You must have different figures than I do. I am under the assumption that as of March CCA's net worth was around (243) million. Since well over half the liabilities are debt to PZN, then the 20 mil still seems a pretty darn decent deal to me. Do you honestly think that it will cost PZN LESS than 20 mil to let CCA go bankrupt and then either create it's own management company or establish beneficial relationships with companies who have been competitors for years?
Read page 108 of the proxy and you will see that the merger can be completed without the proxy and also for discussion of how the vote might positively impact litigation.
Our figures agree. As of March 2000 CCA had a negative net worth of $(243) million (page F-101 of the proxy). If you are correct that over half the liabilities are debt to PZN, total liabilities being $419 million, then the negative net worth after deleting the $210 million CCA liabilities to PZN would be $(33) million. And this ignores any PZN liabilities to CCA that might be netted away in a bankruptcy. So why would PZN pay $20 million (positive) for the privilege of assuming $(33) million in net debts?

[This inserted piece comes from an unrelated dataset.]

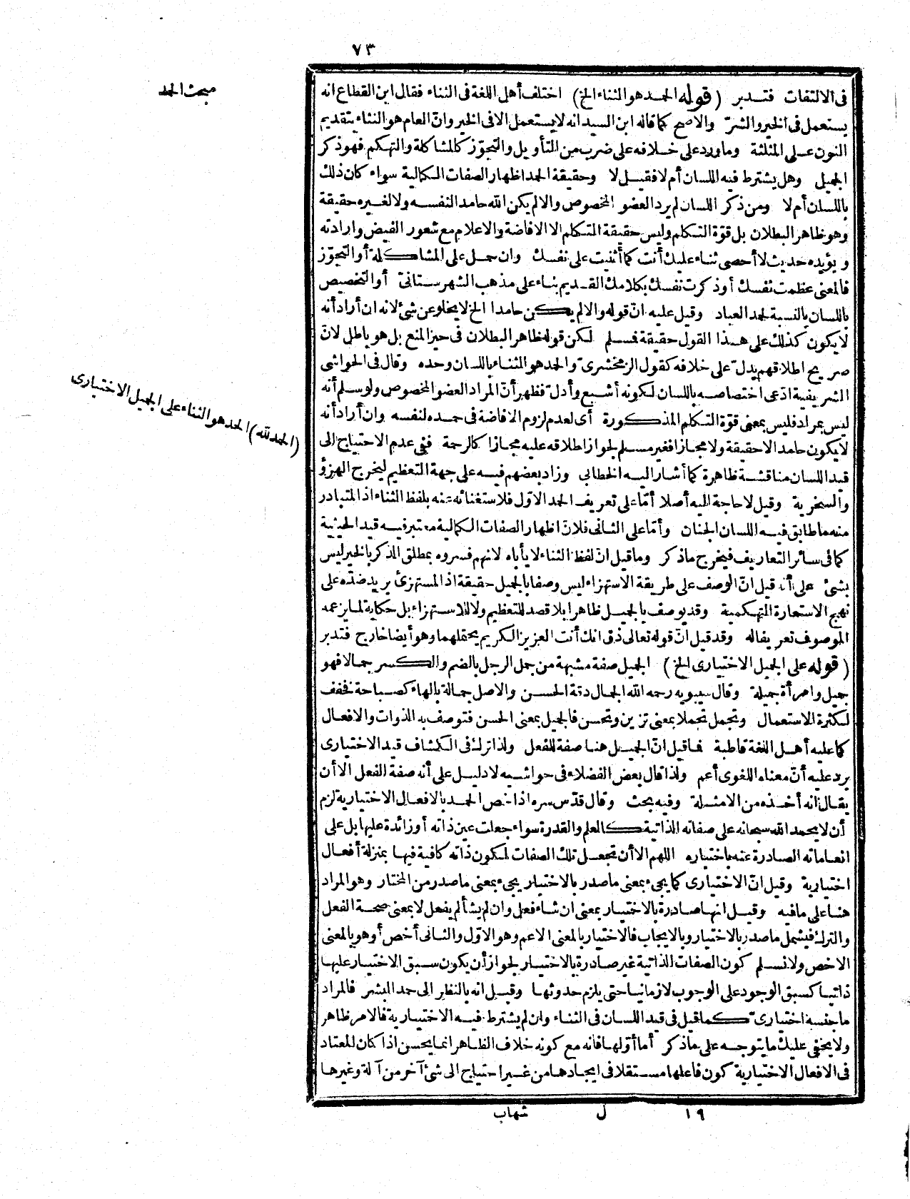 ليظهر استقامة تثبيه الصفات الذاتية بها، وتنزيلها منزلتها لذلك وليس كذلك، فإن كل فعل اختياري يحتاج إلى علم فاعله وقدرته، وأكثرها محتاج إلى آلات وأسباب أخر كما ذكر. بعض الفضلاء، وانه على تسليم استعمال الاختياري بالمعنى الثاني لا نسلم اتصاف الصفات الذاتية بالصدور إلا بتكلف يأباه لفظه، وأمّا كونها صادرة بالاختيار بالمعنى الأخص على ما قرّر في الكلام من أنّ الفلاسفة ادّعوا إيجاد العالم بطريق الإيجاب فلزمهم أن لا يكون لموجده إرادة واختيار، وقيل بانهم يقولون بأنه فاعل مختار بمعنى إن شاء فعل الخ. وصدق الشرطية لا يقتضي وجود مقدمها ولا عدمه، فقدم الشرطية الأولى بالنسبة إلى وجود العالم دائم الوقوع ومقدّم الثانية دائم اللا وقوع، ولهذا أطلق عليه الصانع وهو من له الإرادة بالإتفاق وهذا وأن ارتضوه ففي نهاية الطوسي إنه كلام لا تحقيق له لأنّ الواقع بالإرادة والاختيار ما يصح وجوده بالنظر إلى ذات الفاعلى، فإن أريد بالدوام واللا دوام المذكورين أنه مع صحة وقوع نقيضهما فهو مخالف لما صرحوا به من أنه موجب بالذات للعالم بحيث لا يصح عدم وقوعه منه، وان اريد دوامهما مع امتناع نقيضهما فليس هناك حقيقة الإرادة، والاختيار بل مجرّد اللفظ، ومتعلق الإوادة لا محيص عن حدوثه، والعالم عندهم قديم، فما هذا إلا تمويه وتلبيس انتهى. وأيضا ما ذكر من تفسير الاختيار بمختار المتكلمين لا الفلاسفة، مع أنه قد قيل عليه هنا أنه لا يجري في صفة المشيئة، وما يسبق عليها من الحياة والعلم والقدرة، ولذا قال في رسالة الحمد: إنه تكلف لا يتأتى في صفة القدرة، لأنّ صدورها ليس بالاختيار والألزم تقدّم الشيء على نفسه، فما ذكر ليس بحاسم للسؤال، ولا قاطع لمادّة الإشكال ولك أن تدفع ما ذكر باختيار الشق الأوّل، فتقول الصادر عن الموجب بالذات ليس واجبا بالدّات بل باعتبار صدوره عن الواجب

As to what the cost of any alternative might be, I would not attempt to guess. As I have said before, I will vote no and thereby let the institutions decide. In any case, do you honestly think that it is fair for insiders to use our money to pay themselves $20 million for what is at minimum a negative net worth of $(33) million?
Regarding page 108 of the proxy, there is the claim that under Maryland law they can merge without shareholder approval. But it does not say what would then be required. They obviously want the shareholder approval or they would not seek it. They claim that it may reduce PZN liability under shareholder suits, but they do not state why this would be so. Anyone who takes the word of these crooks is a fool. My guess is that they expect shareholder approval of this proposal to protect insiders from personal liability, by shifting that liability to the common shareholders foolish enough to vote for the insider proposal. I can imagine that shareholders could vote to assume the liability otherwise falling upon insiders. I can not imagine how shareholders could vote to reduce their own liabilities. If that were possible, tobacco company shareholders would simply vote to absolve themselves of corporate liability. Fat chance.
I also note at the top of page 109 that under Maryland law an abstention or non-vote will have no effect on the proposal. Therefore, VOTE NO, do not abstain.